Can someone explain how a car turns on a curve?

[edgarpokemon]

I am having a hard time understand why the frictional force of the tires of the car point to the center of the circle (centripetral force). http://physics.stackexchange.com/qu...centripetal-force-during-the-turning-of-a-car . Here is the picture of a car making a turn on a curve, if the car is driving straight, like the blue arrow points, then shouldn't the friction be backwards, or opposite in direction of the blue arrow? why is the friction pointing to the center as the wheel turns? I already spend like a day thinking about this help!

 

[edgarpokemon]

sorry the blue arrow is not pointing straight, but why isn't the friction opposite in direction? why is it sideways

 

[Drakkith]

The little patch of tire in contact with the ground is not moving relative to the ground, so when driving straight and with no acceleration, there is no force from friction. But when a car turns, friction acts inward and supplies the centripetal force necessary to make the car move in a circle.

 

[CrazyNinja]

To get a proper idea about this, you must understand that when the car wheels roll there exists no friction. Friction opposes relative motion between two surfaces in contact. In the case of a wheel (assume almost uniform cross-section), the point in contact with the road does not move relative to the road. Hence, friction does not act. Now you know why the wheel is said to be an awesome invention.

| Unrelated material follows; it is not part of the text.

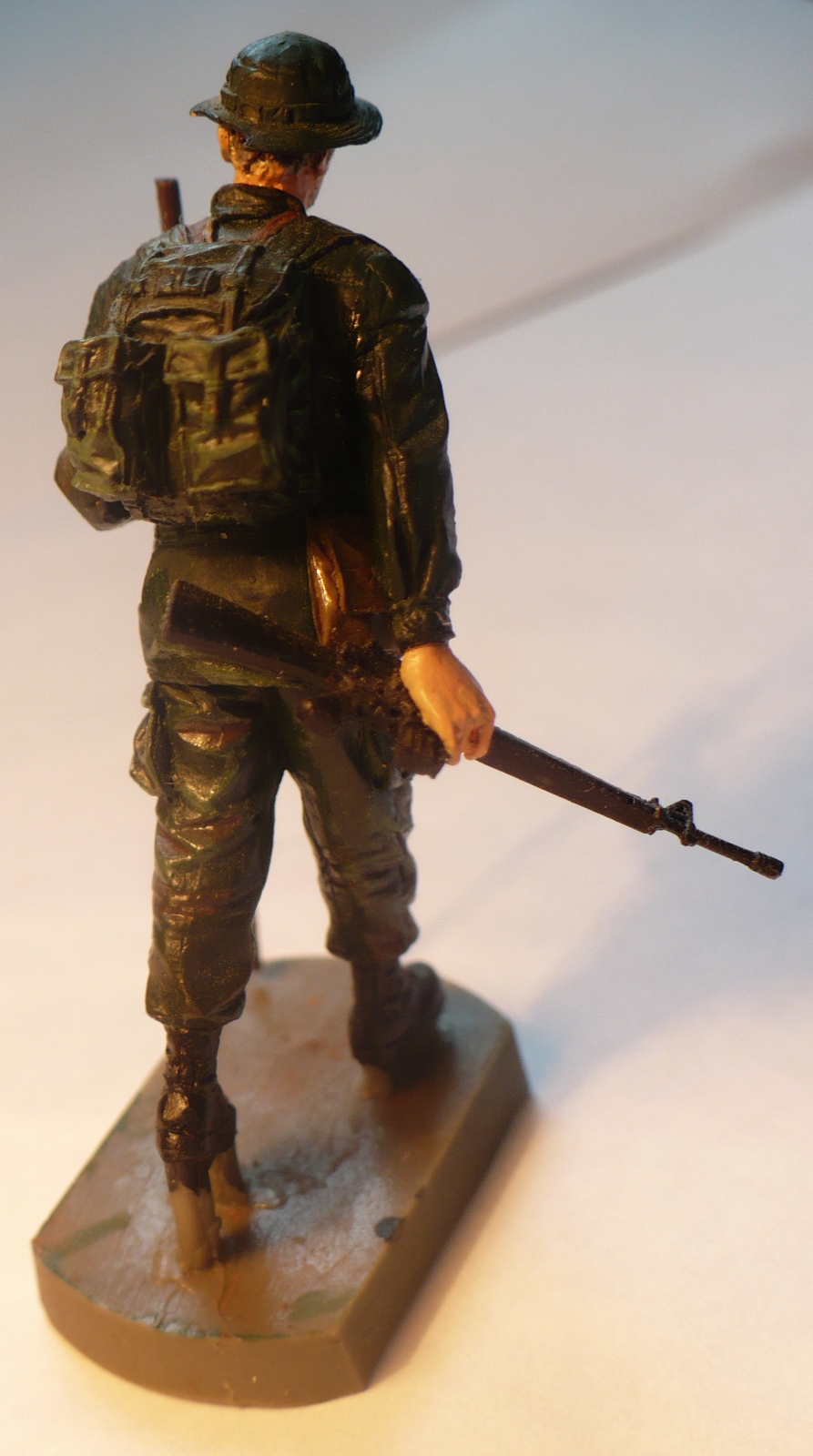 Смоляная фигурка фирмы BRAVO6, красилась тамиевским акрилом около года назад. На цвет формы за основу взят J.N.Green, в углублениях смешаный с водкой flat brown, на подсумках flat black. Выступы и складки делал сухой кистью, салатовым цветом. Ноги были тонированы пигментами МИГ, до получения "мокрого" ощущения. Вариант без каких-либо дополнений и измененний.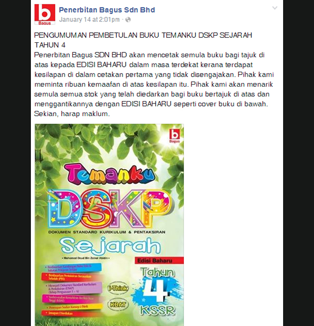 "Pihak kami meminta ribuan kemaafan di atas kesilapan itu. Pihak kami akan menarik semula semua stok yang telah diedarkan bagi buku bertajuk di atas dan menggantikannya dengan edisi baharu," kata wakil penerbitan itu di dalam catatan di laman Facebook mereka.

As for why friction is necessary for the turning of a car, Drakkith has given a good explanation. The car requires a centripetal force to undergo circular motion. Which of the forces present can do this task but friction? If you want to improve your understanding of this, look up the turning of a car on a sloped surface. Have you wondered why curves on highways and race tracks are steeper on one side than the other?

 

[edgarpokemon]

I still not get the idea since I don't know a lot about tires, is my first year in a physics class in college and I haven't taken any physics courses before! So I was thinking that when the drivers turn the wheels of the car, the wheels will be at an angle, having an y component and a x component. The car needs to apply a force to turn the wheels right? so the wheels will be at an angle on a curve. The y component of the force will be pointing straight, so friction is backwards. and on the x component the force will be pointing left or right depending on the curve, so the friction will be pointed opposite to that force, and friction will then point to the circle. is that a good way to understand it??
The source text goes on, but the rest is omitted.